From beneath the streets an azure glow and acrid scent escaped, and rough havoc was unleashed, I’m sure.
from wikipedia
Panphobia, from the Greek ‘pan’ and ‘phobos,’ also called Omniphobia, Pantophobia, or Panophobia, is a medical condition known as a “non-specific fear” or “the fear of everything” and is described as “a vague and persistent dread of some unknown evil”, or only seeing the extremes to everything.
– photo by Mitch Waxman
To help pass the lonely hours of nocturnal hand wringing, tooth gnashing, and guilty self recrimination I have taken to long exposure photography which allows me to feel as if something had been accomplished before weakness and fatigue forced me into surrendering to that familiar cycle of deteriorating into unconsciousness, hallucination, and dazed awakening. Stumbling out into the streets the next and every day- into and beneath the direct gaze of the burning thermonuclear eye of god itself- emanations sting at my skin and if exposed to them for not so long a time, radiation burns will begin to manifest.
from wikipedia
Erythropoietic protoporphyria (EPP) is a relatively mild form of porphyria, although very painful, which arises from a deficiency in the enzyme ferrochelatase, leading to abnormally high levels of protoporphyrin in the tissue. The severity varies significantly from individual to individual…
EPP can be triggered through exposure to sun even though the patient is behind glass. Even the UV emissions from arc welding with the use of full protective mask have been known to trigger EPP.
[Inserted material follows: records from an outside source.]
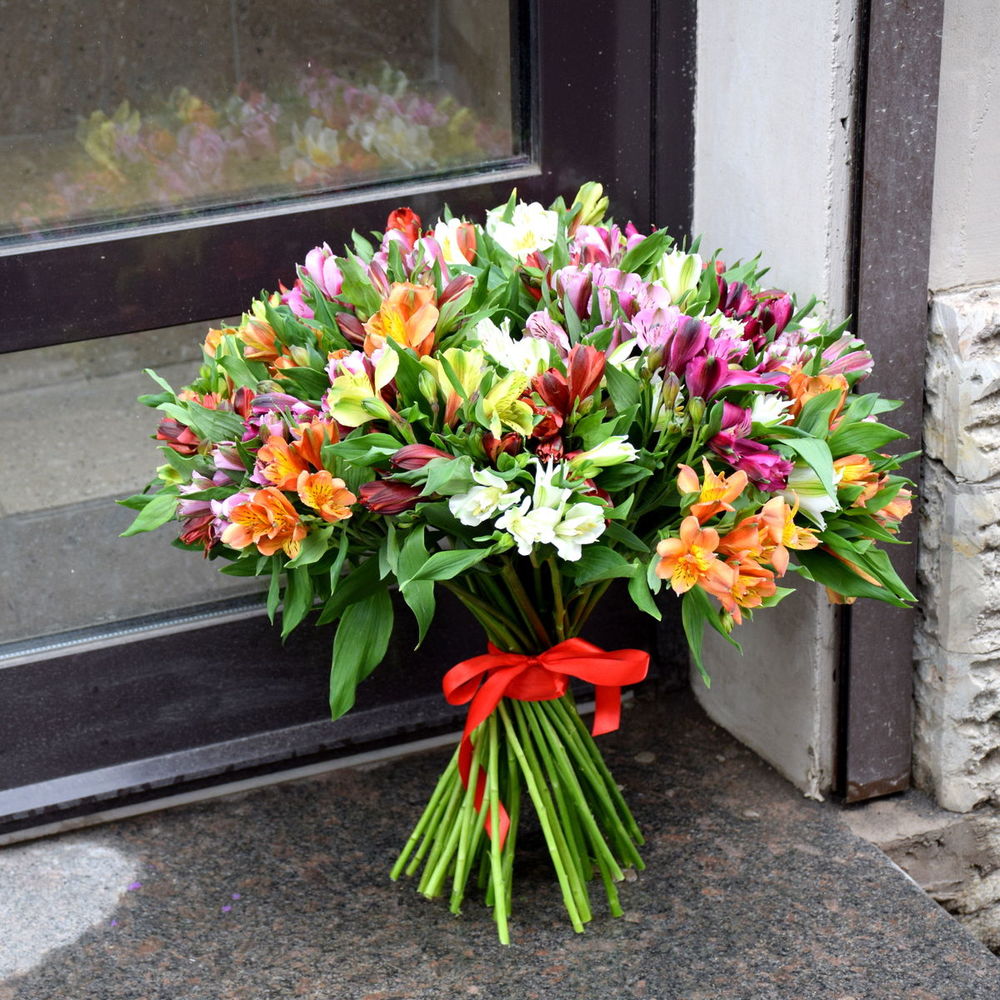 Моно букет из разноцветных альстромерий (51 штука), перевязанный атласной лентойСтойкий и невероятно красивый букет обязательно обрадует получателя.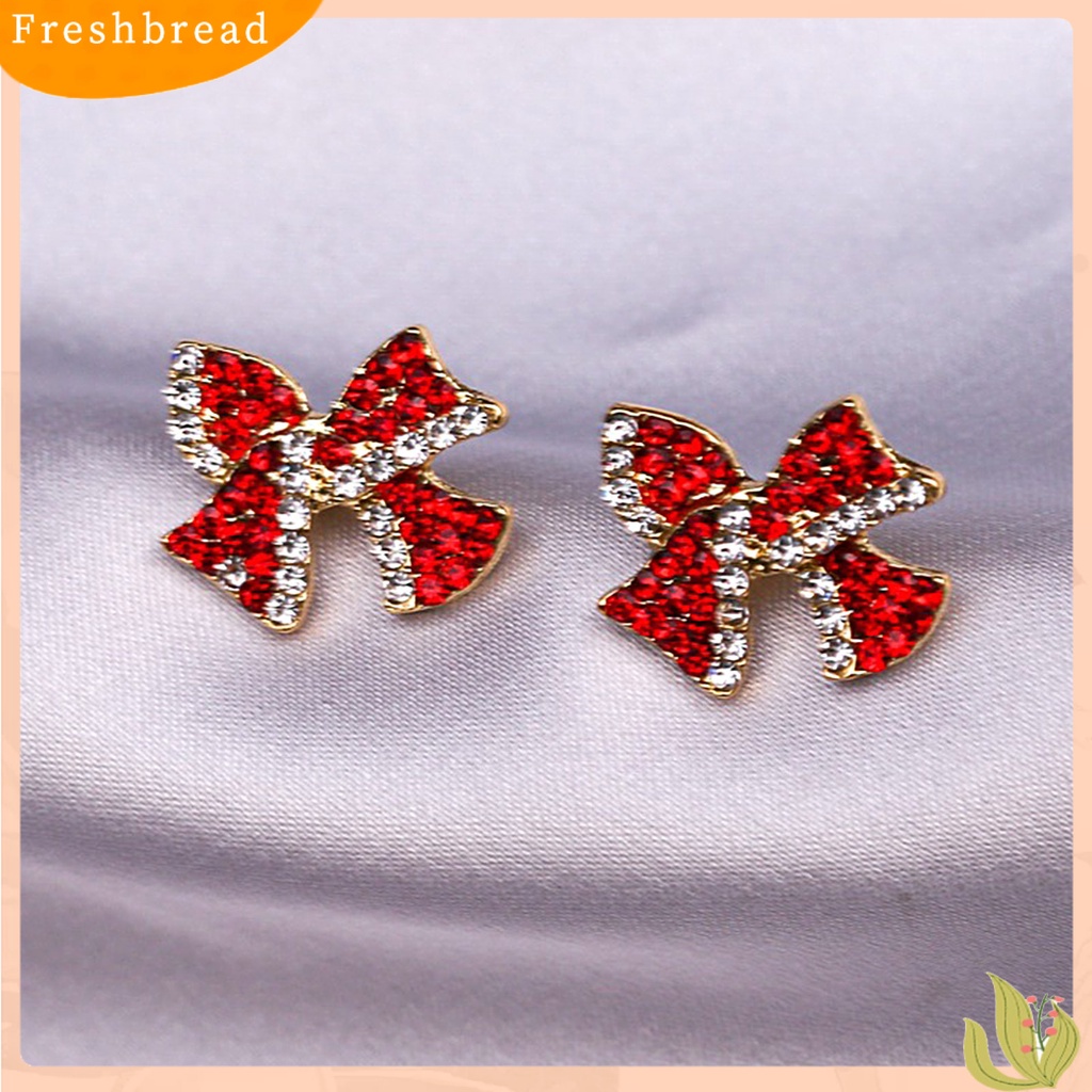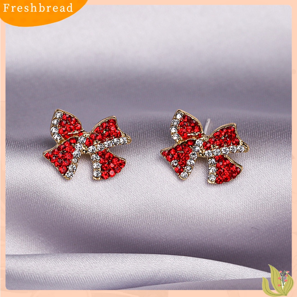 Detail < Freshbread > 1pasang Anting Tusuk Bentuk Busur Berlian Imitasi Perhiasan Manis Tahan Lama Ear Studs Untuk Pakaian Sehari-Hari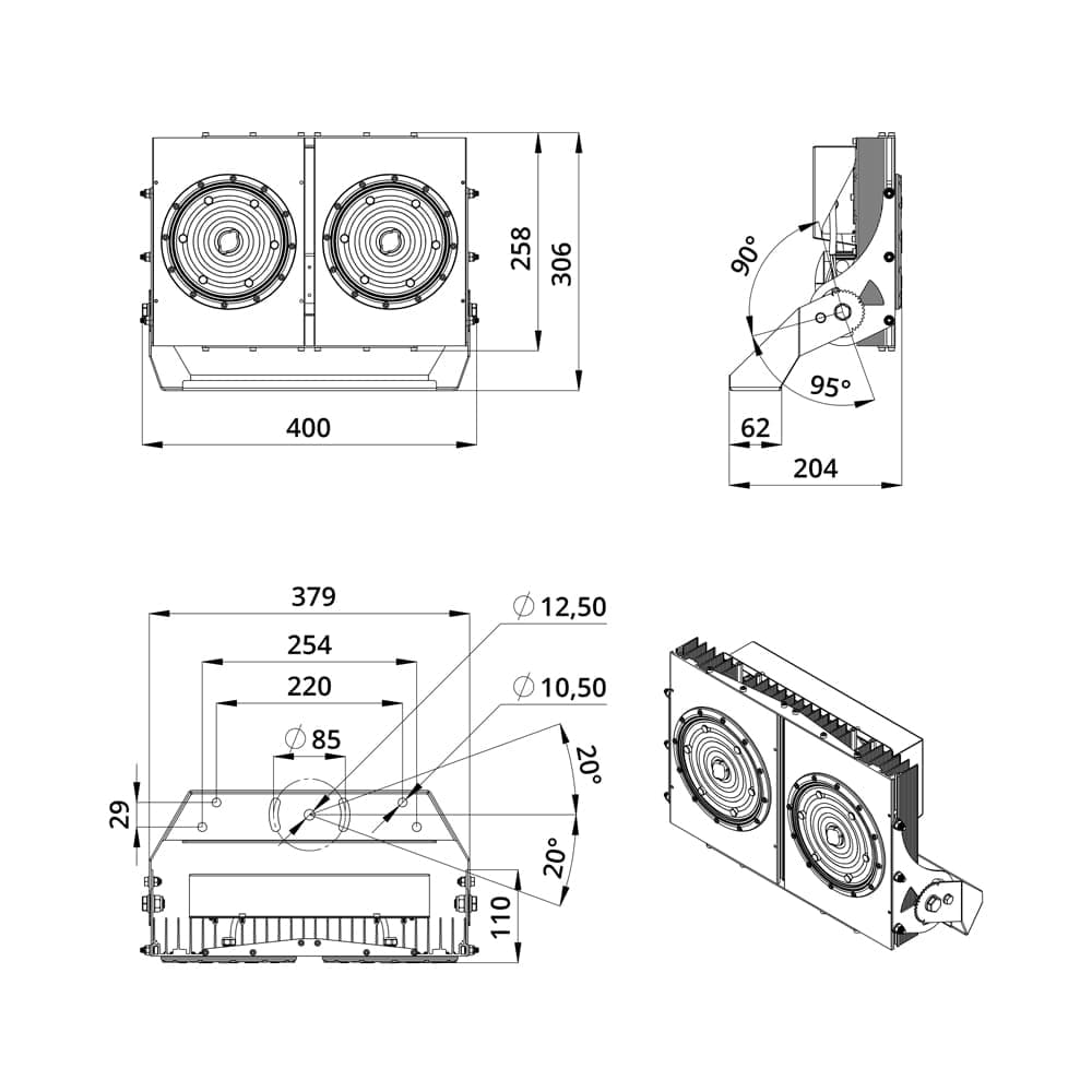 Светодиодный прожектор 300 D Экстра решает ключевую задачу современного бизнеса – обеспечение качественного освещения при контролируемом бюджете. Он идеально подходит как для модернизации действующих систем освещения, так и для новых проектов. Благодаря современным технологиям и продуманной конструкции, светильник обеспечивает равномерное освещение больших площадей без потери качества светового потока.

Prolonged exposure to the sun can lead to edema and blistering. At times the immediate damage can be so severe that the individual can lose the skin in sheets.
– photo by Mitch Waxman
Doctor friends have advised me that my aversion to this hideous biological malady is unavoidable, and described timetables which offer precise time periods during which the kidneys and liver may cleanse the blood of toxins, and the function of cellular growth and repair is based around sleep as well I am told. As well, psychiatric and psychological sources describe the chronic loss or avoidance of sleep as some sort of disorder.
Well, what do lettered academics know anyway? Have they rode with the tomb legions over the frozen steppes of nephren ka, or flown with the night gaunts through low hanging branches over the Lethe, or walked a mile in my moccasins?
from wikipedia
Sleep deprivation is the condition of not having enough sleep; it can be either chronic or acute. A chronic sleep-restricted state can cause fatigue, daytime sleepiness, clumsiness and weight loss or weight gain. It adversely affects the brain and cognitive function. Few studies have compared the effects of acute total sleep deprivation and chronic partial sleep restriction. Complete absence of sleep over long periods is impossible for humans to achieve (unless they suffer from fatal familial insomnia); brief microsleeps cannot be avoided. Long-term total sleep deprivation has caused death in lab animals.